Commands to run in server:

  1. run the actual imputation on the batches on the cluster (needs hapmap to be recoded to beagle format as well, but I have these files for you)
    for each batch 
    do
    	java -Xmx11g -Djava.io.tmpdir=\$TMPDIR -jar beagle.jar unphased=$beagleLocation/chr$chromosome.bgl.$batch phased=$referenceLocation/HM2_Chr$chromosome-BEAGLE markers=$referenceLocation/markers_Chr$chromosome.txt missing=0 out=$outputLocation/Chr$chromosome/chr$chromosome-$batch
    done
    

Commands to run locally:

  1. convert the beagle imputed files into trityper format
    java -Xmx4g -jar ImputationTool.jar bttb $outputLocation Chr/ChrCHROMOSOME-BATCH $imputedTriTyperLocation $numSamples	
    
  2. correlate the imputed snps to the snps in the original dataset
    java -Xmx4g -jar ImputationTool.jar corr $trityperOutputLocation $datasetName $imputedTriTyperLocation $imputedDatasetName 
    
  3. (if needed) convert to other formats (plink dosage / ped+map))

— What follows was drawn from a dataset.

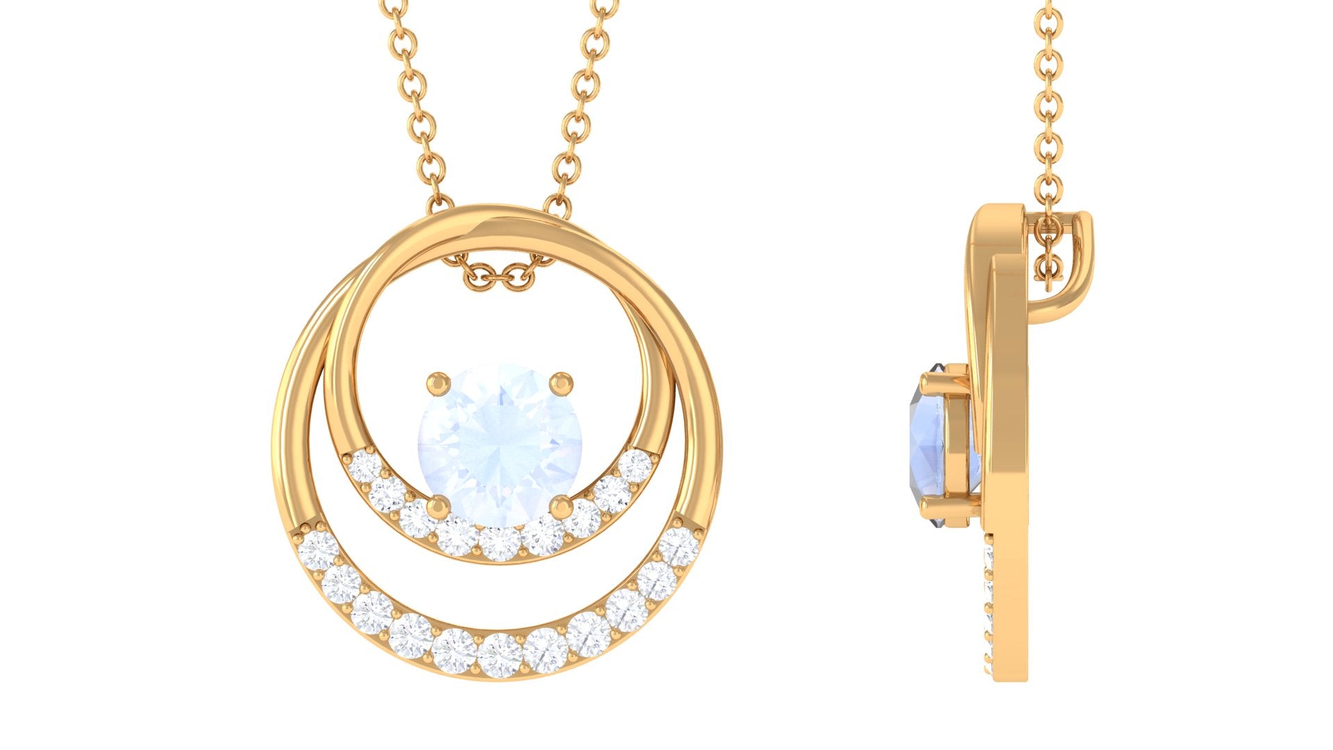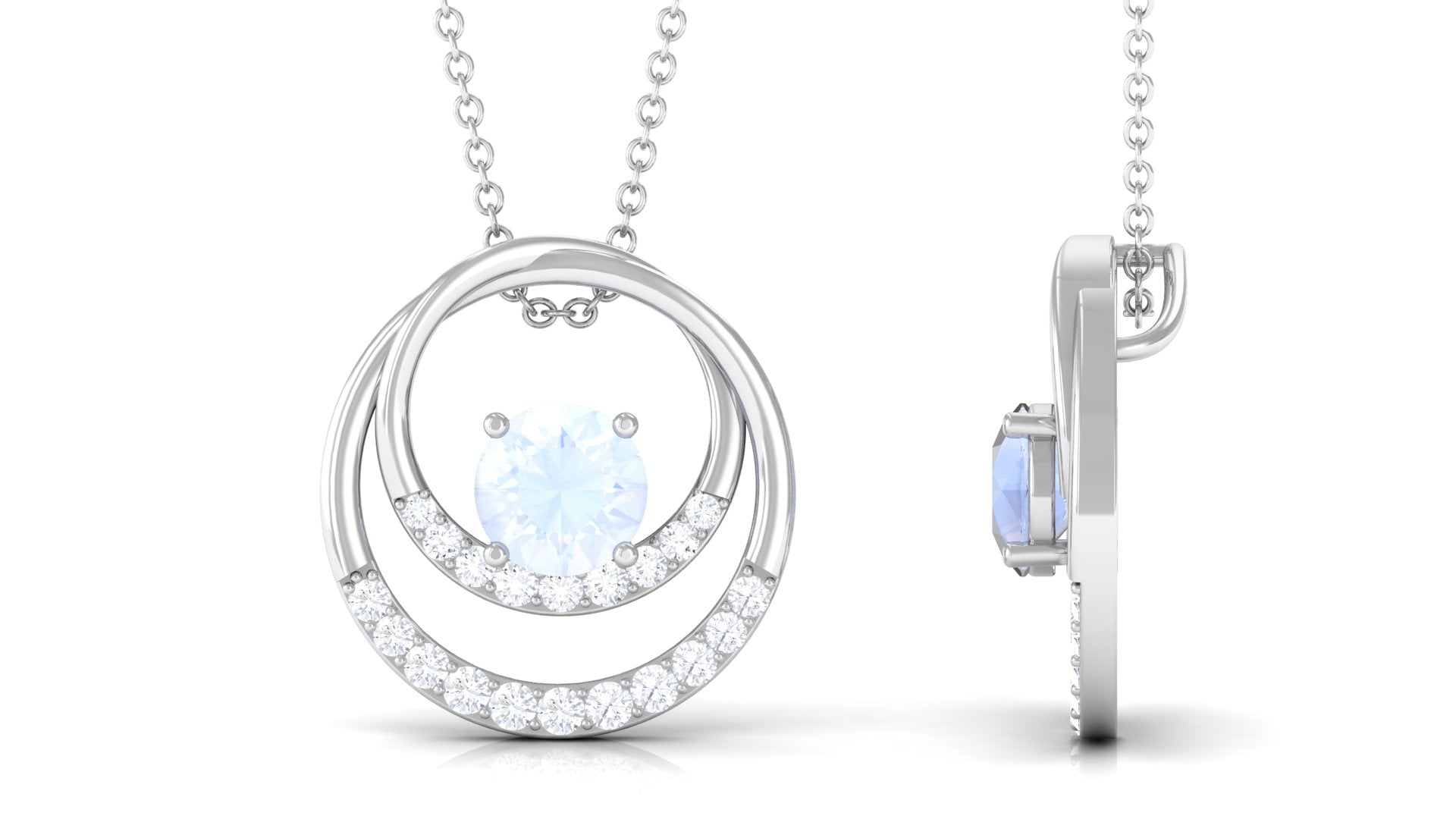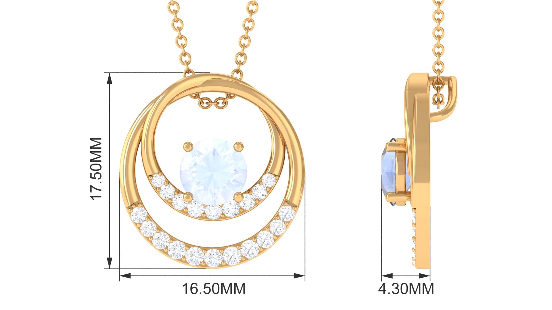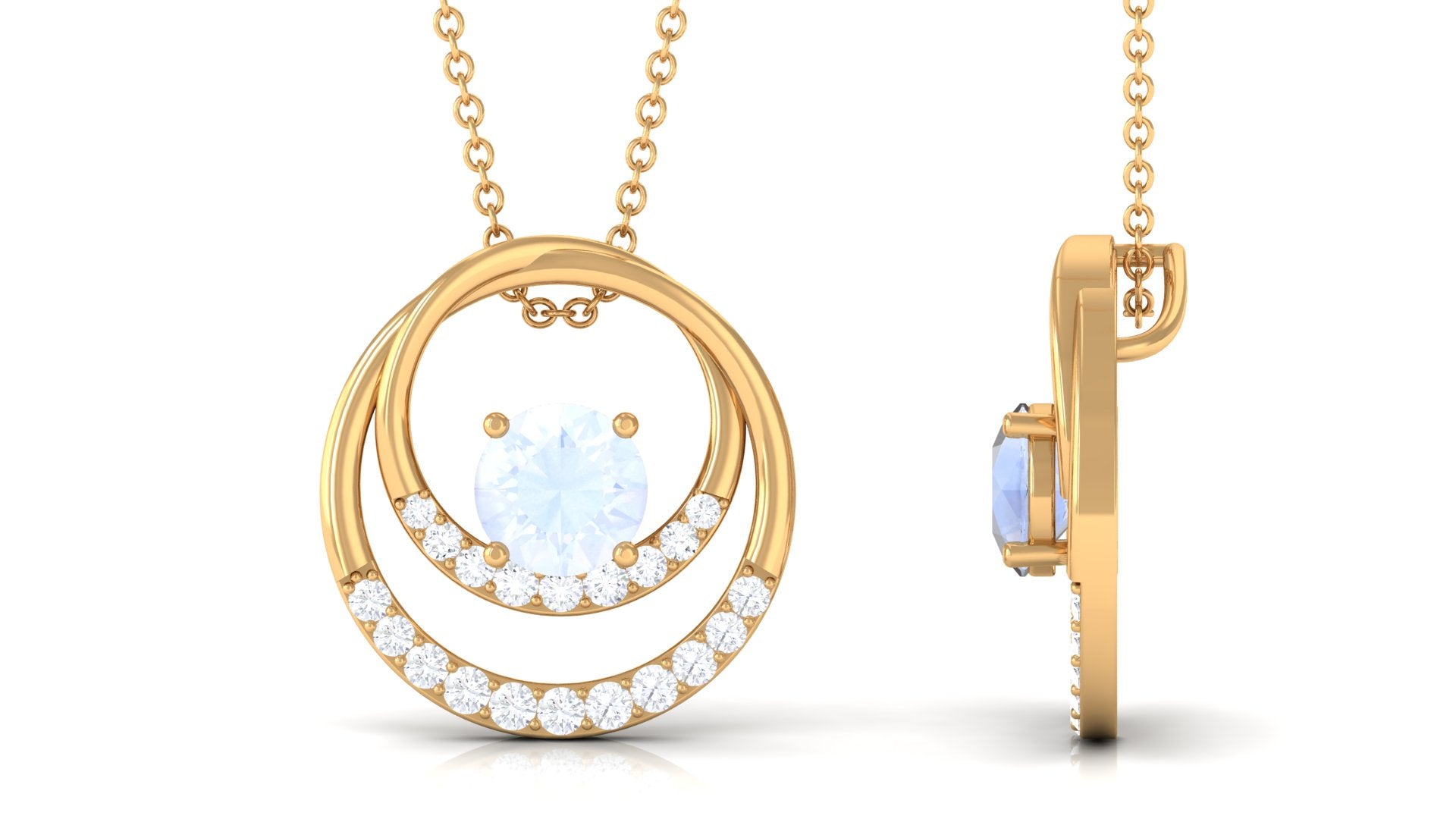A round moonstone is set in the center of this open circle pendant that looks minimal yet alluring. Shimmering round Diamond decorates the interlocked circle frame in a modern fashion. The moonstone is held in a prong setting and exhibits an opalescence hue that draws the eye. It is connected to a hidden bale that adds a bit of mystery and excitement to this scintillating pendant design.
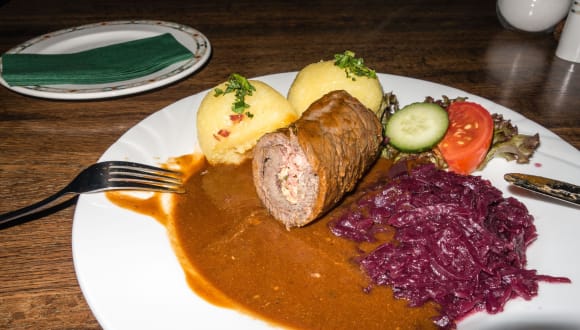 Geordert wurde : 1.Tomatencremesuppe 1 mit Käse- Croutons & Sahnehäubchen 3,90 € 2.Rinderroulade mit Rotkohl und Thüringer Klößen 13,90 € Die Tomatensuppe war sehr fruchtig und konnte auch in der Optik überzeugen . Eine Rinderroulade wurde serviert die augenscheinlich selbstgemacht war . Sie war sehr schnittfest gegart . Zur Füllung :Das Raucharoma des geräucherten Speck war etwas lasch .,die übrigen Komponenten hätten meiner Meinung nach etwas größer sein können . Mit der Soße waren wir geschmacklich sehr zufrieden , nur die Temperatur war unbefriedigend . Der Rotkohl aber insbesondere die Klöße waren sehr gut Der Service war ok . .

That's basically it. A lot simpler than the previous version, don't you think? The required tool is attached to this e-mail, but might still be a bit buggish. Any recommendations are therefore more than welcome.

IMPUTE pipeline

TODO: paste shell script descriptions of each step.

BEABLE pipeline

TODO: paste shell script descriptions of each step

Discussion

Mixing platforms may influence imputation results

We into some troubles, resulting in our test statistic being highly inflated (which is indicative of false positive results). We thought of some possible causes which might explain this effect, although we should still test them:

  • SNPs with bad imputation quality: we should remove SNPs with an R2 value < 0.90 prior to GWAS. These values are stored alongside the beagle imputation output. Taking a more stringent cutoff seemed to decrease the inflation, although you lose half of the SNPs.
  • batch effects caused by overrepresentation of a certain haplotype within an imputation batch: for each batch of samples, beagle estimates a best fitting model to predict the genotypes of the missing SNPs, which is dependent upon both the input data as the reference dataset. Cases and controls should be therefore randomly distributed across the batches. Another option is to use impute, rather than beagle, since its batches are across parts of the genome, instead of samples.
  • difference in source platform: different platforms have different SNP content. When you impute datasets coming from different platforms, the resulting model which is based on the input data is also different. When associating traits in a GWAS meta-analysis, these differences may account for a platform specific effect. We should therefore remove the SNPs which are non-overlapping between such platforms, prior to imputation, and impute the samples after combining the datasets. This would remove such a platform-bias, although would also cause a huge loss of available SNPs, when the overlap between platforms is small. However, in my opinion, this problem is similar to the batch effect problem, and can possibly be resolved by randomizing the sample content of the batches: the model will then possibly be fitted to the data that is available. In any case the datasets that are used in a meta-analysis should be imputed together.